• _What the task requires_
A faithful, complete copy of the entries below is required, with images removed.

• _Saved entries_
----------------------------------------

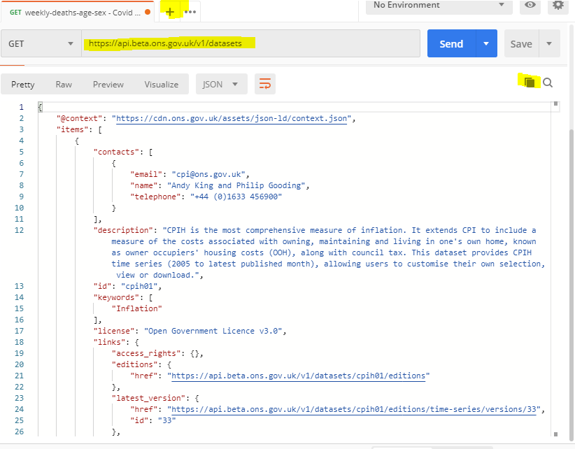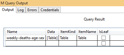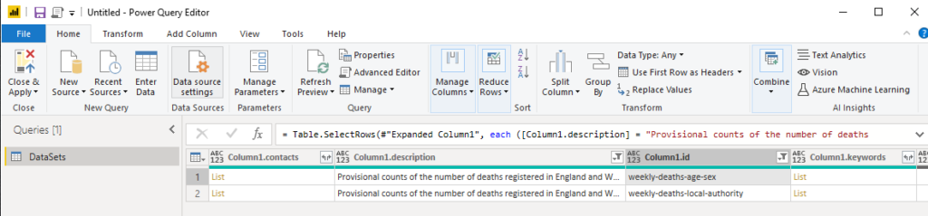 For more of the detail read on The data in the API is provided in JSON format and requesting using HTTP GET requests.I was unfamiliar with JSON & GET requests and found the best way I found to quickly send GET requests was to use postman (www.postman.com). An example if you want to see get all the available datasets the ONS has on this site send the following GET request: https://api.beta.ons.gov.uk/v1/datasets.  To do that in Postman just copy and paste the above text into the app and press send. The response you receive back is the data in JSON format.  It’s a little tricky to read so I found it easier to copy and paste it into a text file and save it with the .json file extension.  You can then open it in Power BI.  Below I’ve selected the two datasets (weekly-deaths-age-sex and weekly-deaths-local-authority). Each dataset has several dimensions and allowed options, think of them as filters and filter values (i.e. time = 2020 and sex = male). For each request all dimensions must be used with valid options.  There is a wildcard option however this is only allowed to be used on one dimension per request. This means you cannot send one request to get all the data from a dataset.  However, you can send many requests to get around this and we’ll get to that in a bit. My connector uses the weekly-deaths-age-sex dataset. To get a list of all required dimensions run this command in postman: https://api.beta.ons.gov.uk/v1/datasets/weekly-deaths-age-sex/editions/covid-19/versions/4/dimensions For each dimension run this command to get a list of valid options: https://api.beta.ons.gov.uk/v1/datasets/weekly-deaths-age-sex/editions/covid-19/versions/4/dimensions/agegroups/options I’m using the following options:
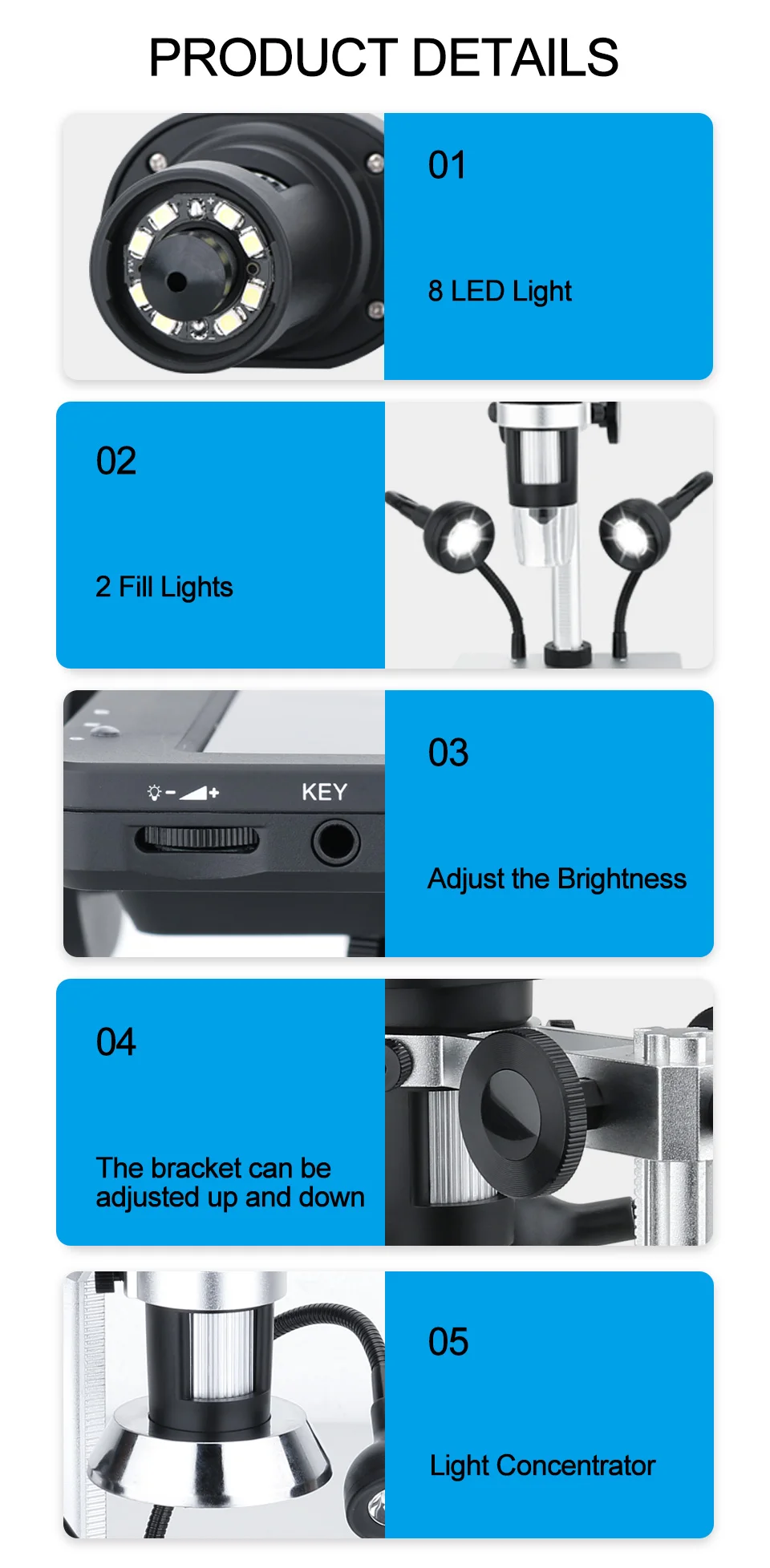 1. Высокой четкости 1000X Цифровые микроскопы с 4,3 дюймов сенсорный экран
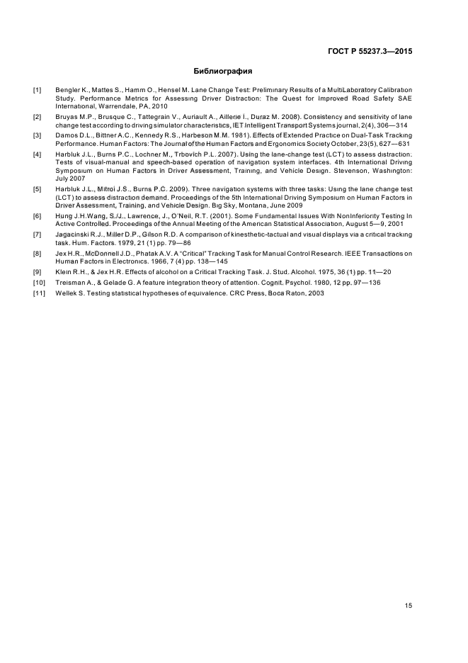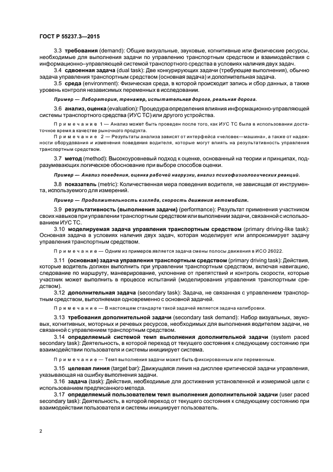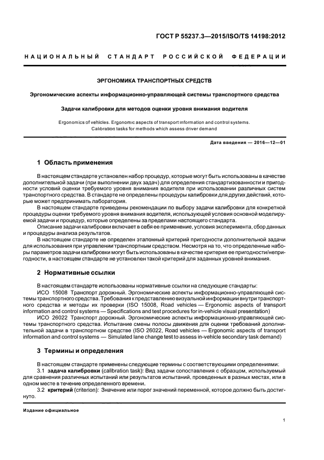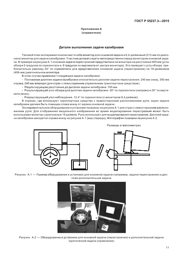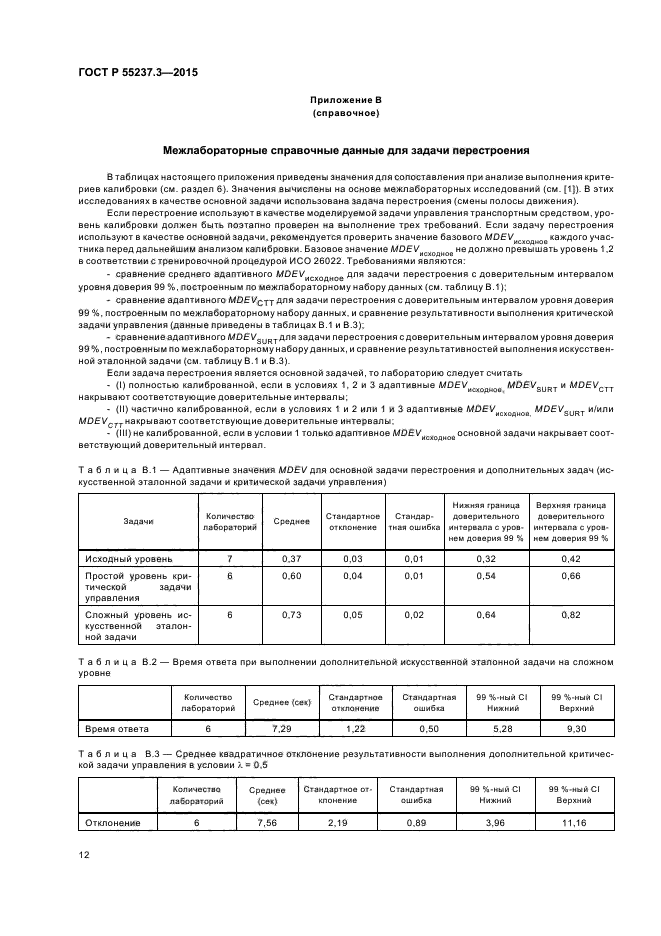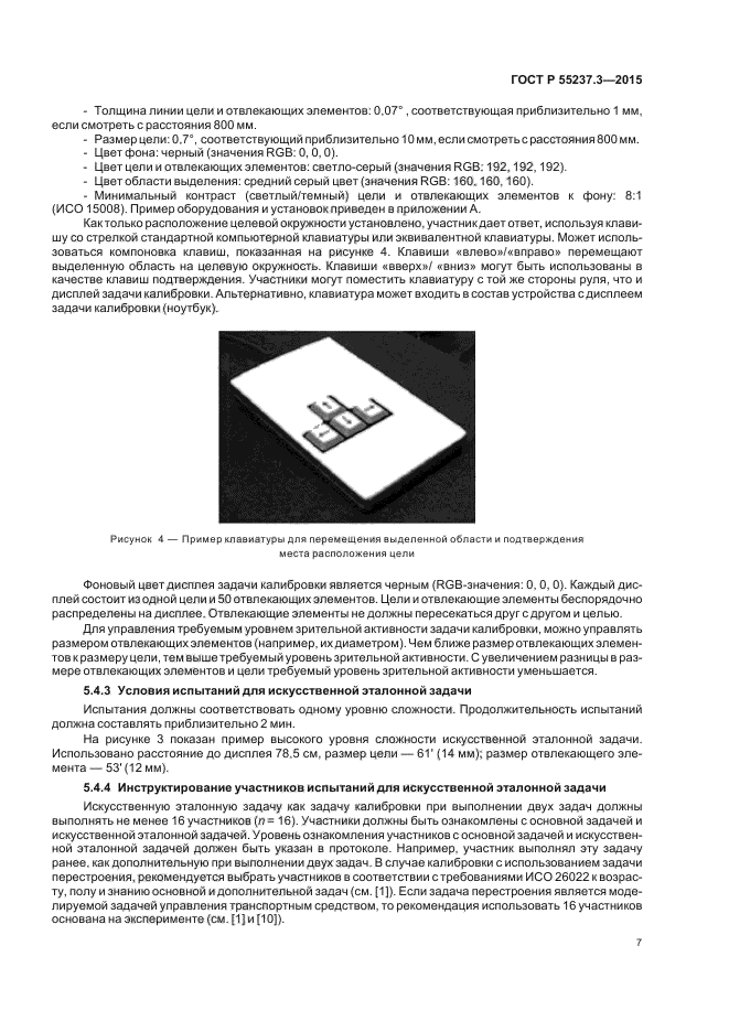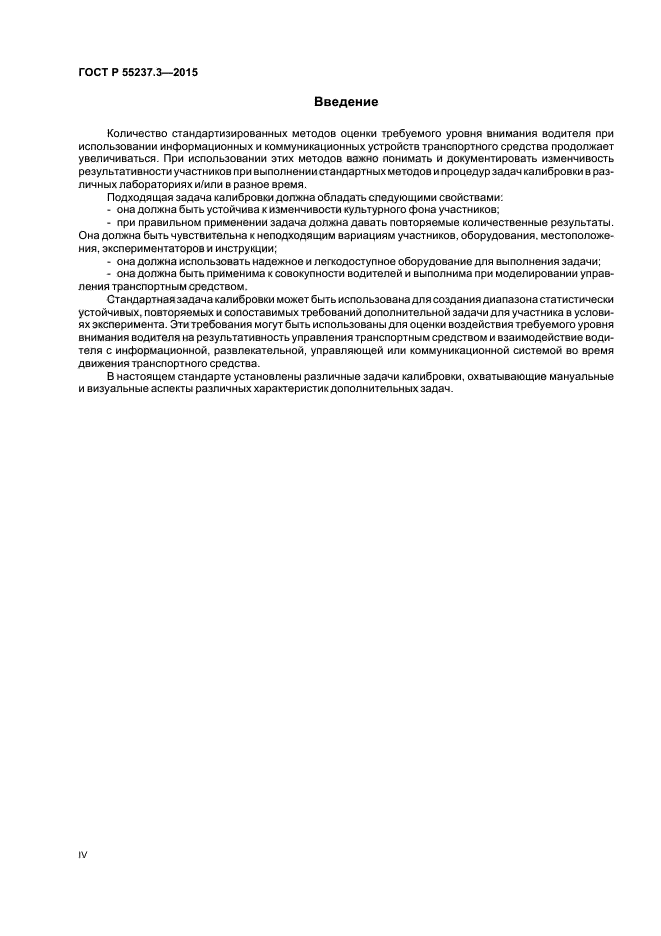 В настоящем стандарте установлен набор процедур, которые могут быть использованы в качестве дополнительной задачи (при выполнении двух задач) для определения стандартизованности и пригодности условий оценки требуемого уровня внимания водителя при использовании различных систем транспортного средства. В стандарте не определены процедуры калибровки для других действий, которые может предпринимать лаборатория.
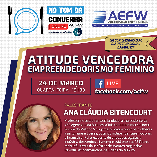 A AEFW promoverá uma palestra gratuita sobre Empreendedorismo Feminino através da sua página no Facebook
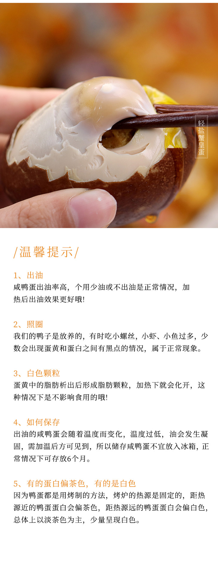 蟹皇蛋真的是超多油,我每次剥蛋都流到满手都是,各种乱滴,后来我都是直接连壳对切,小勺子一挖,非常完美!真的是极好吃,蟹黄口感的蛋黄、卤蛋味的蛋白,还有茶叶蛋的香气,配粥配饭配蔬菜,都可以,就算单独吃都不会很咸,包装也是不错,送人自己家吃都可!
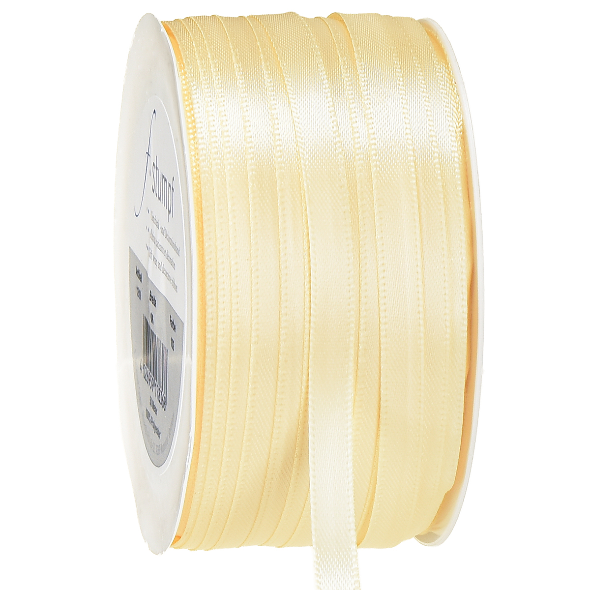 Hecha 100 % de poliéster, esta cinta de regalo color crema mide aproximadamente 6 milímetros de ancho y 50 metros de largo. Viene en un práctico y pequeño carrete de plástico. Se puede guardar fácilmente en un cajón o en una cesta de manualidades.
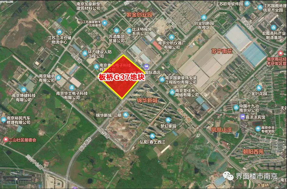 G37地块地处板桥经济开发区,位于软件谷西片区,该规划区是南京软件产业“一体两翼”结构中南京软件谷"核心”的重要组成部分,是中国(南京)软件谷的升级跨越区。地块周边产业丰富,有苏酒集团、创业创新园、苏宁雨花物流基地、普天通信、普天大唐、江苏华瑞泰等多个产业基地,南侧为润泰市场和雨花汽贸园。目前区域内新房供应较为短缺,为地块的开发提供了较好的市场契机。

----------------------------------------

• _Result of the exercise_
 For more of the detail read on The data in the API is provided in JSON format and requesting using HTTP GET requests.I was unfamiliar with JSON & GET requests and found the best way I found to quickly send GET requests was to use postman (www.postman.com). An example if you want to see get all the available datasets the ONS has on this site send the following GET request: https://api.beta.ons.gov.uk/v1/datasets.  To do that in Postman just copy and paste the above text into the app and press send. The response you receive back is the data in JSON format.  It’s a little tricky to read so I found it easier to copy and paste it into a text file and save it with the .json file extension.  You can then open it in Power BI.  Below I’ve selected the two datasets (weekly-deaths-age-sex and weekly-deaths-local-authority). Each dataset has several dimensions and allowed options, think of them as filters and filter values (i.e. time = 2020 and sex = male). For each request all dimensions must be used with valid options.  There is a wildcard option however this is only allowed to be used on one dimension per request. This means you cannot send one request to get all the data from a dataset.  However, you can send many requests to get around this and we’ll get to that in a bit. My connector uses the weekly-deaths-age-sex dataset. To get a list of all required dimensions run this command in postman: https://api.beta.ons.gov.uk/v1/datasets/weekly-deaths-age-sex/editions/covid-19/versions/4/dimensions For each dimension run this command to get a list of valid options: https://api.beta.ons.gov.uk/v1/datasets/weekly-deaths-age-sex/editions/covid-19/versions/4/dimensions/agegroups/options I’m using the following options:
 1. Высокой четкости 1000X Цифровые микроскопы с 4,3 дюймов сенсорный экран
 В настоящем стандарте установлен набор процедур, которые могут быть использованы в качестве дополнительной задачи (при выполнении двух задач) для определения стандартизованности и пригодности условий оценки требуемого уровня внимания водителя при использовании различных систем транспортного средства. В стандарте не определены процедуры калибровки для других действий, которые может предпринимать лаборатория.
 A AEFW promoverá uma palestra gratuita sobre Empreendedorismo Feminino através da sua página no Facebook
 蟹皇蛋真的是超多油,我每次剥蛋都流到满手都是,各种乱滴,后来我都是直接连壳对切,小勺子一挖,非常完美!真的是极好吃,蟹黄口感的蛋黄、卤蛋味的蛋白,还有茶叶蛋的香气,配粥配饭配蔬菜,都可以,就算单独吃都不会很咸,包装也是不错,送人自己家吃都可!
 Hecha 100 % de poliéster, esta cinta de regalo color crema mide aproximadamente 6 milímetros de ancho y 50 metros de largo. Viene en un práctico y pequeño carrete de plástico. Se puede guardar fácilmente en un cajón o en una cesta de manualidades.
 G37地块地处板桥经济开发区,位于软件谷西片区,该规划区是南京软件产业“一体两翼”结构中南京软件谷"核心”的重要组成部分,是中国(南京)软件谷的升级跨越区。地块周边产业丰富,有苏酒集团、创业创新园、苏宁雨花物流基地、普天通信、普天大唐、江苏华瑞泰等多个产业基地,南侧为润泰市场和雨花汽贸园。目前区域内新房供应较为短缺,为地块的开发提供了较好的市场契机。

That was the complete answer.